▶ _MATERIAL PROVIDED_
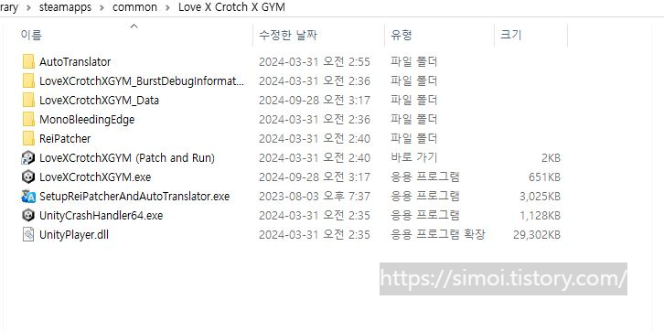 2. 다운받아서 압축 열어보면 SetupReiPatcherAndAutoTranslator 파일이 있는데 게임이 있는 폴더에 넣고 실행합니다.
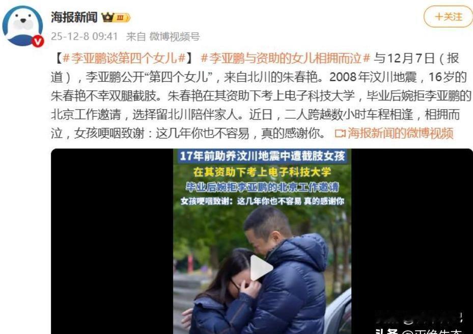 李亚鹏离婚后被网暴,神秘女儿竟藏暖心事,两个陌生人的羁绊让所有人沉默。 最近李亚鹏在社交平台发视频说有个“另一个女儿”,底下立马炸锅了。网友纷纷骂他是渣男,结果发现这女的根本不是亲生的。这姑娘叫朱春燕,十二年前汶川地震受伤差点截肢,当时李亚鹏和王菲做的慈善基金帮了她。 朱春燕后来跟着李亚鹏去北京治病,前后做了好多次手术。李亚鹏不仅出钱还当起了“父亲”,陪着她上学,甚至看她考上985都高兴。朱春燕工作后还给李亚鹏寄工资,说要帮他渡过难关。 这事曝光前大家对李亚鹏印象挺差的。他和前妻海哈金喜离婚时,俩人从大别墅搬到小房子都没吵吵嚷嚷。后来网友扒出他离婚前搬家没露面,直播卖货东西质量还不好,直接骂成负资产。可实际上这些年他捐了私立幼儿园,还资助过不少贫困家庭。 朱春燕现在逢人就感谢李亚鹏。上次李亚鹏去她老家看她,连见面都没提前说,视频里看得出来俩人都挺动情。网友这才反应过来,原来李亚鹏不是大家想象的那样。 他直播确实卖了不少低价货,但搞慈善全是自己掏腰包。投资失败后经济紧张还坚持帮助别人,有回他公开说“钱没了能再赚,良心失了就白活”。 离婚后海哈金喜一直没说过他的坏话。当初俩人搬东西都是亲戚帮忙,她没抱怨过日子难过。现在李亚鹏偶尔还会发和朱春燕一起的照片,像普通父子一样唠家常。 朱春燕说要考研,李亚鹏在评论区给她加油。有网友翻出他以前捐钱的凭证,发现都是匿名打款。有人算账说这些年他花在慈善的钱比商业投入还多。 事情传开后骂他的人少了,反而有人说看得想哭了。李亚鹏最近又开始做公益直播,这次卖的是贫困山区孩子做的手工艺品。
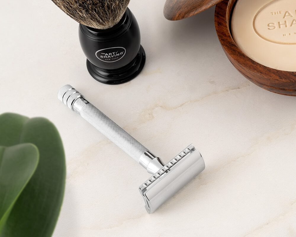 That’s why you’re much better off leaving the straight razors to the pros and opting instead for what is known as a safety razor. They come in two key forms: traditional, double-edged safety razors and modern, reusable safety razors. What unites them both is the fact that they have some sort of guard between the edge of the blade and the skin.

▶ _WORK ITEM_
Omit each picture, then return all of the listing exactly as it stands.

▶ _EXERCISE ANSWER_
 2. 다운받아서 압축 열어보면 SetupReiPatcherAndAutoTranslator 파일이 있는데 게임이 있는 폴더에 넣고 실행합니다.
 李亚鹏离婚后被网暴,神秘女儿竟藏暖心事,两个陌生人的羁绊让所有人沉默。 最近李亚鹏在社交平台发视频说有个“另一个女儿”,底下立马炸锅了。网友纷纷骂他是渣男,结果发现这女的根本不是亲生的。这姑娘叫朱春燕,十二年前汶川地震受伤差点截肢,当时李亚鹏和王菲做的慈善基金帮了她。 朱春燕后来跟着李亚鹏去北京治病,前后做了好多次手术。李亚鹏不仅出钱还当起了“父亲”,陪着她上学,甚至看她考上985都高兴。朱春燕工作后还给李亚鹏寄工资,说要帮他渡过难关。 这事曝光前大家对李亚鹏印象挺差的。他和前妻海哈金喜离婚时,俩人从大别墅搬到小房子都没吵吵嚷嚷。后来网友扒出他离婚前搬家没露面,直播卖货东西质量还不好,直接骂成负资产。可实际上这些年他捐了私立幼儿园,还资助过不少贫困家庭。 朱春燕现在逢人就感谢李亚鹏。上次李亚鹏去她老家看她,连见面都没提前说,视频里看得出来俩人都挺动情。网友这才反应过来,原来李亚鹏不是大家想象的那样。 他直播确实卖了不少低价货,但搞慈善全是自己掏腰包。投资失败后经济紧张还坚持帮助别人,有回他公开说“钱没了能再赚,良心失了就白活”。 离婚后海哈金喜一直没说过他的坏话。当初俩人搬东西都是亲戚帮忙,她没抱怨过日子难过。现在李亚鹏偶尔还会发和朱春燕一起的照片,像普通父子一样唠家常。 朱春燕说要考研,李亚鹏在评论区给她加油。有网友翻出他以前捐钱的凭证,发现都是匿名打款。有人算账说这些年他花在慈善的钱比商业投入还多。 事情传开后骂他的人少了,反而有人说看得想哭了。李亚鹏最近又开始做公益直播,这次卖的是贫困山区孩子做的手工艺品。
 That’s why you’re much better off leaving the straight razors to the pros and opting instead for what is known as a safety razor. They come in two key forms: traditional, double-edged safety razors and modern, reusable safety razors. What unites them both is the fact that they have some sort of guard between the edge of the blade and the skin.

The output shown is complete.